The above diagram encapsulates four components involved in the process of writing log sequence: proxy, log broker, data node, and object storage. The process involves four tasks: validation of DML requests, publication-subscription of log sequence, conversion from streaming log to log snapshots, and persistence of log snapshots. The four tasks are decoupled from each other to make sure each task is handled by its corresponding node type. Nodes of the same type are made equal and can be scaled elastically and independently to accommodate various data loads, massive and highly fluctuating streaming data in particular.

Index building

Index building is performed by index node. To avoid frequent index building for data updates, a collection in Milvus is divided further into segments, each with its own index.

Index building Index building

Milvus supports building index for each vector field, scalar field and primary field. Both the input and output of index building engage with object storage: The index node loads the log snapshots to index from a segment (which is in object storage) to memory, deserializes the corresponding data and metadata to build index, serializes the index when index building completes, and writes it back to object storage.

Index building mainly involves vector and matrix operations and hence is computation- and memory-intensive. Vectors cannot be efficiently indexed with traditional tree-based indexes due to their high-dimensional nature, but can be indexed with techniques that are more mature in this subject, such as cluster- or graph-based indexes. Regardless its type, building index involves massive iterative calculations for large-scale vectors, such as Kmeans or graph traverse.

Unlike indexing for scalar data, building vector index has to take full advantage of SIMD (single instruction, multiple data) acceleration. Milvus has innate support for SIMD instruction sets, e.g., SSE, AVX2, and AVX512. Given the “hiccup” and resource-intensive nature of vector index building, elasticity becomes crucially important to Milvus in economical terms. Future Milvus releases will further explorations in heterogeneous computing and serverless computation to bring down the related costs.

Besides, Milvus also supports scalar filtering and primary field query. It has inbuilt indexes to improve query efficiency, e.g., Bloom filter indexes, hash indexes, tree-based indexes, and inverted indexes, and plans to introduce more external indexes, e.g., bitmap indexes and rough indexes.

Data query

Data query refers to the process of searching a specified collection for k number of vectors nearest to a target vector or for all vectors within a specified distance range to the vector. Vectors are returned together with their corresponding primary key and fields.

Data query Data query

A collection in Milvus is split into multiple segments, and the query nodes loads indexes by segment. When a search request arrives, it is broadcast to all query nodes for a concurrent search. Each node then prunes the local segments, searches for vectors meeting the criteria, and reduces and returns the search results.

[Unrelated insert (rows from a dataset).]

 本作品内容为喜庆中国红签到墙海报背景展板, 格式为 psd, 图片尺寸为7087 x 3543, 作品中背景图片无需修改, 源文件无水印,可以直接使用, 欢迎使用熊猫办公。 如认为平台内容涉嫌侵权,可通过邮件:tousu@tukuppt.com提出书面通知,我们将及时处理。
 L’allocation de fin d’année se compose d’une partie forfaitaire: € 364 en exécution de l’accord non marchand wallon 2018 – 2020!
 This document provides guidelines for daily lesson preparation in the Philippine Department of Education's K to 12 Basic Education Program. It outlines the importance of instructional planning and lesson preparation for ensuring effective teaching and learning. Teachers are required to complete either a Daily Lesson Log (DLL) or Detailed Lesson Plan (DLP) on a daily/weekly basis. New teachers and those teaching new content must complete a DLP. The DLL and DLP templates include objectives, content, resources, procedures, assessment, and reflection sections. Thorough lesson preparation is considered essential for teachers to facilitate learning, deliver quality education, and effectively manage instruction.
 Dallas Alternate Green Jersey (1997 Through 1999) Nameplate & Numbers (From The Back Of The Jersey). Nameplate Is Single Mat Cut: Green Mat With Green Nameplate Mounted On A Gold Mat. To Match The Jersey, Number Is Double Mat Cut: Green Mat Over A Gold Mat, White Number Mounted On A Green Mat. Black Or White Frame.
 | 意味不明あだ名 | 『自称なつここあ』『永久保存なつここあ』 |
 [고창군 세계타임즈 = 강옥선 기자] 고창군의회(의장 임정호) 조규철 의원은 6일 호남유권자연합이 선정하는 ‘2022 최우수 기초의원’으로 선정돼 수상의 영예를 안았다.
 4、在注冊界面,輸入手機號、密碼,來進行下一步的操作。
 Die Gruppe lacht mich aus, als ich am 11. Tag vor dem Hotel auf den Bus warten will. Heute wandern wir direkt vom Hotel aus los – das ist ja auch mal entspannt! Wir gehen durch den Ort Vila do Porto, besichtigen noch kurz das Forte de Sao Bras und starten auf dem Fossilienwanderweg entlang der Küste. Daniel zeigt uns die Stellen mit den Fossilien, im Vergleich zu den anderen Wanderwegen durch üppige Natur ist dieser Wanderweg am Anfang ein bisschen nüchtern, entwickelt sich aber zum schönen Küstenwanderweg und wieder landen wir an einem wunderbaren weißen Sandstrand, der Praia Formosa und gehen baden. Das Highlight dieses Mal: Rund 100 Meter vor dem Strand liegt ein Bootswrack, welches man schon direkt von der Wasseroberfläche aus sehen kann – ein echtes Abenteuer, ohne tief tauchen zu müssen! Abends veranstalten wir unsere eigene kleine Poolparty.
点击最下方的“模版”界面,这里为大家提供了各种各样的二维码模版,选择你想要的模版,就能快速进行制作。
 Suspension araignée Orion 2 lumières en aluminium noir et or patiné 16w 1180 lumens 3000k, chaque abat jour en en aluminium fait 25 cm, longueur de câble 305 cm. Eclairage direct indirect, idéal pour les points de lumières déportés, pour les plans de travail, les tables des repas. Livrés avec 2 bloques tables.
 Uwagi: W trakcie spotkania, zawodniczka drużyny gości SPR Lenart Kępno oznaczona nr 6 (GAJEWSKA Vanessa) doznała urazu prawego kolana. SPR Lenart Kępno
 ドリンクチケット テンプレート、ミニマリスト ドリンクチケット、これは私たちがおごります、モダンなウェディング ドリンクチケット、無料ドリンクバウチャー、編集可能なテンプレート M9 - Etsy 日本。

Query nodes are independent from each other in a data query. Each node is responsible only for two tasks: Load or release segments following the instructions from query coord; conduct a search within the local segments. And proxy is responsible for reducing search results from each query node and returning the final results to the client.

Handoff Handoff

There are two types of segments, growing segments (for incremental data), and sealed segments (for historical data). Query nodes subscribe to vchannel to receive recent updates (incremental data) as growing segments. When a growing segment reaches a predefined threshold, data coord seals it and index building begins. Then a handoff operation initiated by query coord turns incremental data to historical data. Query coord will distribute sealed segments evenly among all query nodes according to memory usage, CPU overhead, and segment number.